Pas de lumière au bout du tunnel
Aujourd’hui, alors que la majorité des pays du monde affichent une belle réussite dans la lutte contre la pandémie et se déconfinent, l’Arménie fait l’office du « mauvais élève » en enregistrant un nombre croissant de malades, avec des centaines de cas enregistrés tous les jours.
L’état d’urgence censé au début durer 30 jours, se trouve reconduit pour une quatrième fois : prolongé jusqu’au 13 juillet, il s’accompagne d’un durcissement de ton perceptible. Le premier ministre va jusqu’à demander à la population de lui envoyer des enregistrements et des photos des personnes qui oseraient de ne pas s’y conformer – une sorte d’incitation à la délation qui passe mal. Il en est de même avec l’exigence de porter des document d’identité et de nombreuses amendes infligées pour telle ou telle infraction.

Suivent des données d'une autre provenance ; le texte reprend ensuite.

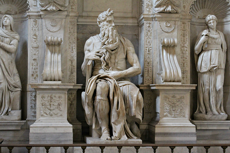 El exterior de esta iglesia pasa totalmente desapercibido y no es lo que llama la atención, sin embargo hay dos elementos claves que convierten a San Pietro in Vincoli en una iglesia tan atractiva y visitada. Esta iglesia fue construida en el siglo V para albergar las cadenas de San Pedro con las que fue encadenado en Jerusalén. En ella también se encuentra una de las esculturas más conocidas de Miguel Ángel, El Moisés. En general es un templo sencillo y poco decorado pero merece la pena su visita además de poder contemplar la escultura, sus representaciones de esqueletos son poco comunes en otras iglesias.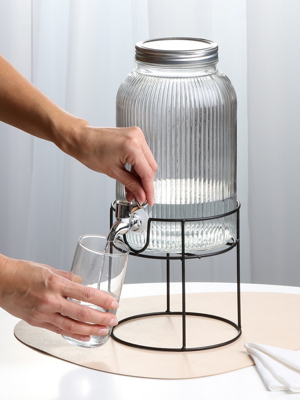 Как использовать лимонадницу? Просто наполните её любимым напитком, добавьте фрукты или лёд — и получите эффектную подачу без лишних хлопот. Подходит ли лимонадница для горячих напитков? Стекло выдерживает температуру до 60°C, но оптимально использовать для холодных и прохладных напитков. Если вы ищете, какой объём выбрать для большой компании — 3.7 литра достаточно для 10-12 порций. В отличие от аналогов, здесь толстое стекло и устойчивое основание, что снижает риск опрокидывания.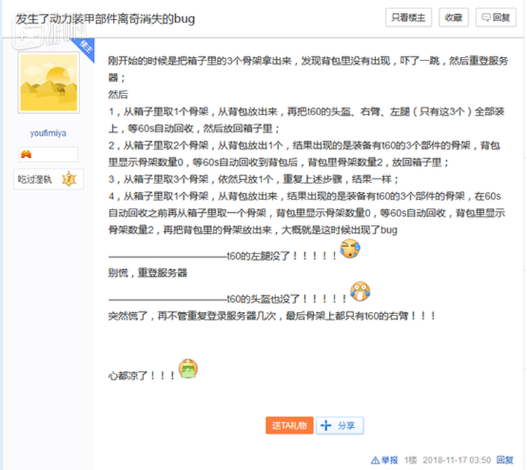 这其实不是《辐射76》第一次出现类似的Bug。早在2018年11月,就有玩家反应,在游戏更新后自己的动力装甲部件离奇失踪。只不过,在经过多次游戏更新后,这个Bug居然又被加回到游戏里了,这实在是令人感到匪夷所思。

Cerise sur le gâteau, la société apprend la fuite des fichiers contenant les données des malades du COVID-19 vers… l’Azerbaïdjan divulguant des informations détaillées sur 3500 citoyens arméniens infectés ou ayant eu un contact avec les porteurs du virus, ce qui a valu une déclaration spéciale de Mané Guevorkian, porte-parole du gouvernement, ainsi qu’une enquête spéciale auprès du Service national de Sécurité.
Tout cela sur un fond d’un système de santé publique proche d’explosion (Pachinian avait parlé un moment d’une traversée d’enfer…) et d’un collapse économique approchant à grands pas. Les équipes médicales arrivées de plusieurs pays dont la France ne se ménagent pas pour aider leurs collègues arméniens, mais l’épuisement est bien là.

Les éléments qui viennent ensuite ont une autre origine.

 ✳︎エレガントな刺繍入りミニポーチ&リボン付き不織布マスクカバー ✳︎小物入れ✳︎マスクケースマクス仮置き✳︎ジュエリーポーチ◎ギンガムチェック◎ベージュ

Ainsi, la capitale arménienne vit au rythme des sirènes de voitures des pompiers, des services médicaux, celles du ministère des situations d’urgence et de la police, qui appellent la population à « préserver la distance sociale, porter des masques etc. » Excès de zèle, durant toute une journée ces haut-parleurs diffusaient des informations avec la voix de…Nikol Pachinian.
Le virus du Covid-19 est devenu, au fil des mois, celui qui déstabilise non seulement le système médical de l’Arménie, mais aussi celui de gouvernance, en provoquant de plus en plus d’erreurs aussi bien dans la gestion de la crise sanitaire que dans celle du pays en général.